Information provided:
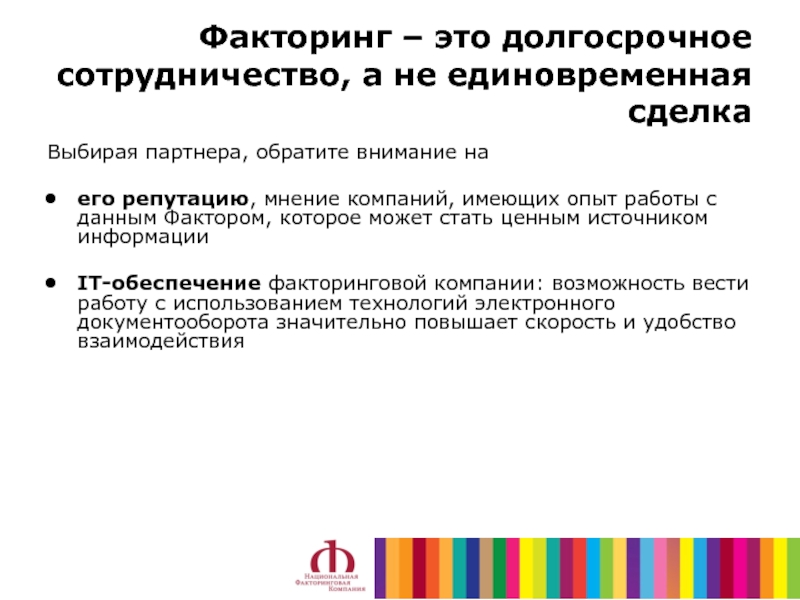 Слайд 5Факторинг – это долгосрочное сотрудничество, а не единовременная сделка
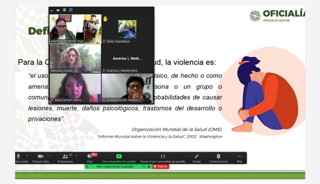 Maricela Oviedo, ponente del taller, explicó a las y los más de 50 participantes que la violencia y la discriminación se han generado por la dominación del sistema patriarcal, factores que son identificables para atender este tipo de problemáticas sociales a través de mecanismos de ayuda y orientación en instituciones diversas.
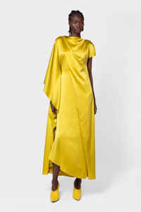 The HIBA dress in bold chartreuse is an elegantly draped mid length silk dress with a-symmetric styling. A cap sleeve to one side is complimented by a contrasting draped cape sleeve to the other. DETAILS & CARE Main Colour: Zinnia Product Fabric: Silk Satin Product Composition : 100% Silk, Lining: 73% Acetate 27% Silk Product Care: Specialist Dry Clean SIZING & FIT Model Wears: Size 8 Sizing System: UK Sizing

Task:
Word for word, reproduce each line from the one with "Maricela Oviedo, ponente" through the last line of the material above, both included, and drop the pictures.

Problem solution:
 Maricela Oviedo, ponente del taller, explicó a las y los más de 50 participantes que la violencia y la discriminación se han generado por la dominación del sistema patriarcal, factores que son identificables para atender este tipo de problemáticas sociales a través de mecanismos de ayuda y orientación en instituciones diversas.
 The HIBA dress in bold chartreuse is an elegantly draped mid length silk dress with a-symmetric styling. A cap sleeve to one side is complimented by a contrasting draped cape sleeve to the other. DETAILS & CARE Main Colour: Zinnia Product Fabric: Silk Satin Product Composition : 100% Silk, Lining: 73% Acetate 27% Silk Product Care: Specialist Dry Clean SIZING & FIT Model Wears: Size 8 Sizing System: UK Sizing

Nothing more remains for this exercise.